▶ Task directions
Could you output exactly the lines running from the one containing "2025年,各街道積極探索網" to the final line of the listing below, leaving out pictures?

▶ Dataset section
-=-=-

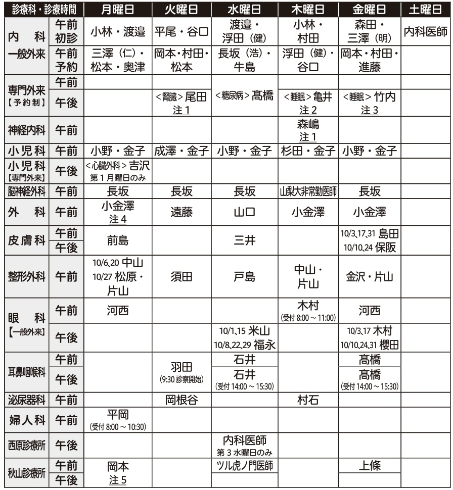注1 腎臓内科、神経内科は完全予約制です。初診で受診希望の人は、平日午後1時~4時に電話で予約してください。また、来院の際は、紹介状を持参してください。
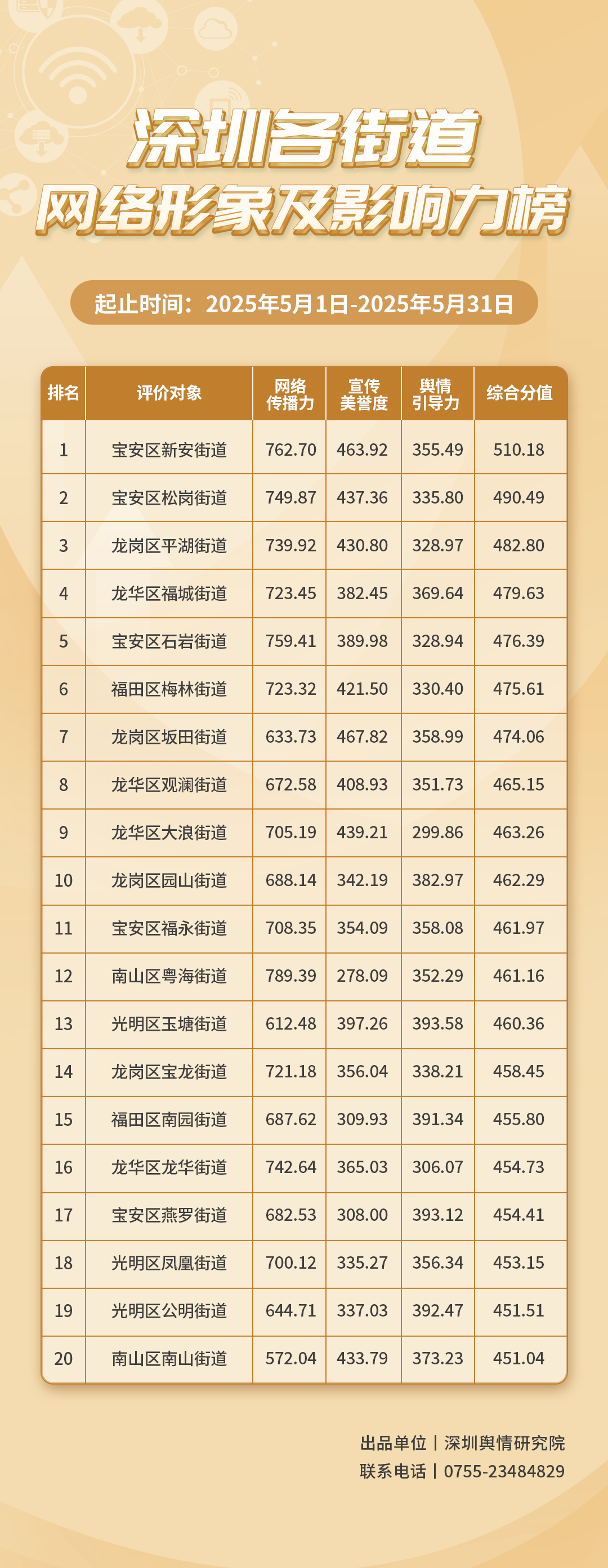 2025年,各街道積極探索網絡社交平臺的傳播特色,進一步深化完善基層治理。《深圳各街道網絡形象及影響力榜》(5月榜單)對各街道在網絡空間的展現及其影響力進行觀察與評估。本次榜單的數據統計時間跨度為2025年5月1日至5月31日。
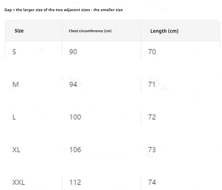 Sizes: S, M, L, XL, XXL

-=-=-

▶ Output
 2025年,各街道積極探索網絡社交平臺的傳播特色,進一步深化完善基層治理。《深圳各街道網絡形象及影響力榜》(5月榜單)對各街道在網絡空間的展現及其影響力進行觀察與評估。本次榜單的數據統計時間跨度為2025年5月1日至5月31日。
 Sizes: S, M, L, XL, XXL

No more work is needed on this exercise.